You are right that the important thing is torque on the wheels but that is why I give the example in speaking about power curve. Because the torque on the wheels x wheel speed is the same thing as the engine power minus mechanical losses, i.e. speaking about power curve simplifies things.

You are also right that normally the teams will try to limit what they loose in the power band by using different gearing but they need a ballanced peformance, they need also certain top speed on straights, traction etc. In other words where one team can use shorter gearing to their advantage the other can do as well and keep their advantage (or put the advantage on top speed if needed).

Why it matters more on twisty stages (in my interpretation based also on long time observation) is because no matter how much time you push the throttle you always need to deliver biggest possible energy on the wheels in that period of time, i.e. largest possible graph area under the power curve. In twisty events it is physically impossible to keep the engine RPM tightly around the peak power and therefore car with flatter curve will always have advantage because between two gearshifting it always delivers more energy to the wheels.

The second reason why it matters more in lower speeds is traction because car with flatter curve has smoother delivery of the wheel torque (less raise or drop of torque).

IMHO this was very well illustrated in times when S2000 were the second category. They had very low torque compared to the turbo cars but reasonable power. They were able to keep within 1 s/km on very fast events (Finland for example) but the difference was around double on twistier mountain events (Acropolis for example) and even worse in muddy events.

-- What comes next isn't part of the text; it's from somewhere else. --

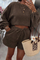 Introducing the Solid Textured Knit Pullover and Shorts Set, a perfect blend of style and comfort that caters to your laid-back lifestyle. This dark brown two-piece set is designed to keep you cozy while ensuring you look effortlessly chic. Crafted from a high-quality blend of polyester and spandex, the textured knit fabric not only feels luxurious against your skin but is also breathable and durable, making it an ideal choice for year-round wear.
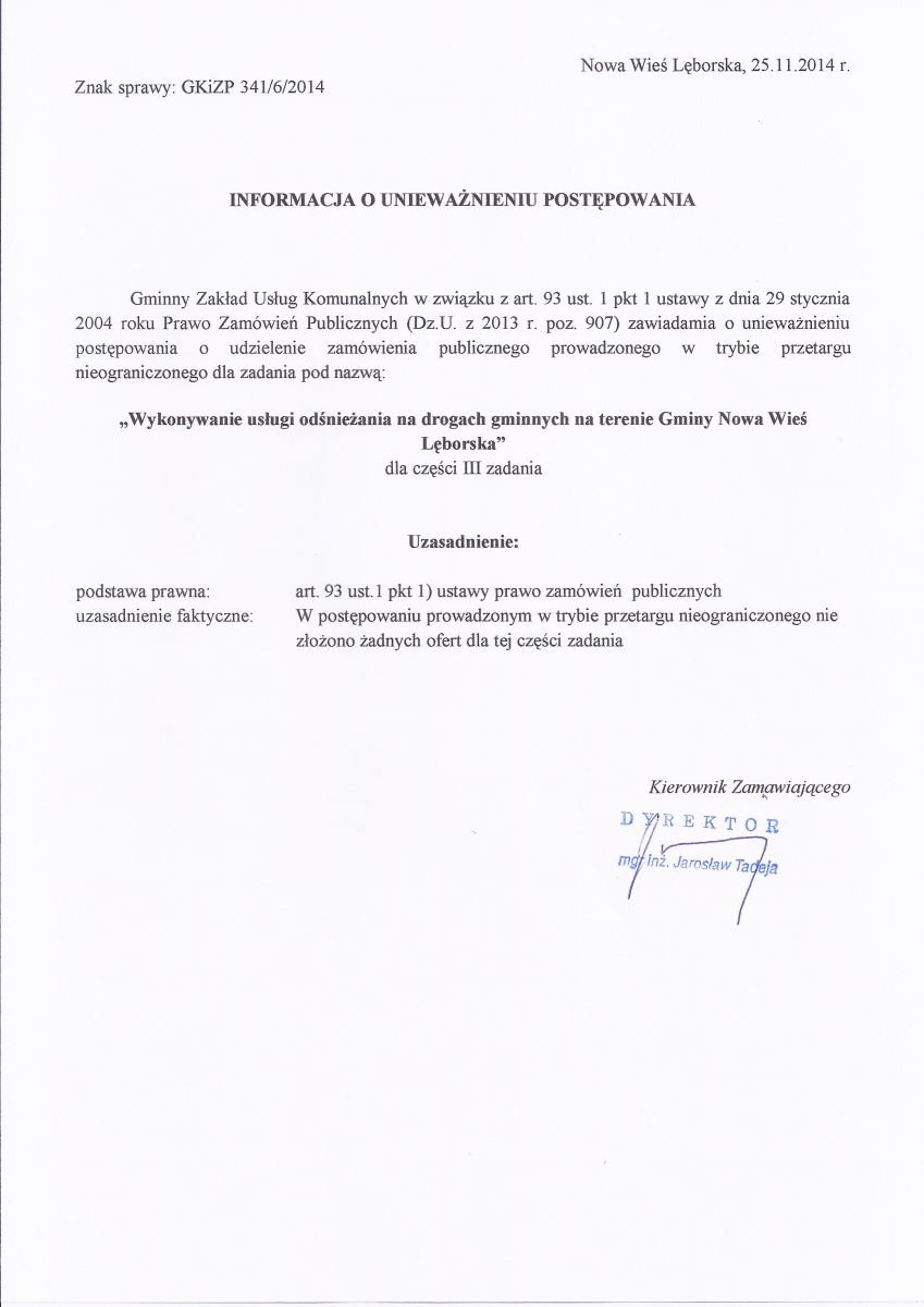Utworzenie dokumentu informacja o uniewaznieniu postępowania dla części III zadania

You are right that normally the team with stronger engine may use advantage of the higher top speed but they also may opt for other options, for example higher downforce, hence why we can not know whose engine is more powerful just by looking on the onboards. We don't know how they ballanced the drag/downforce/power/torque/gearing/traction and how successful they were in their preparations.
Very nice explanation, the advantage of the better engine can be exploited in different ways. Top power would be the only thing to matter if we had cvt gearboxes with optimal gearing in all conditions.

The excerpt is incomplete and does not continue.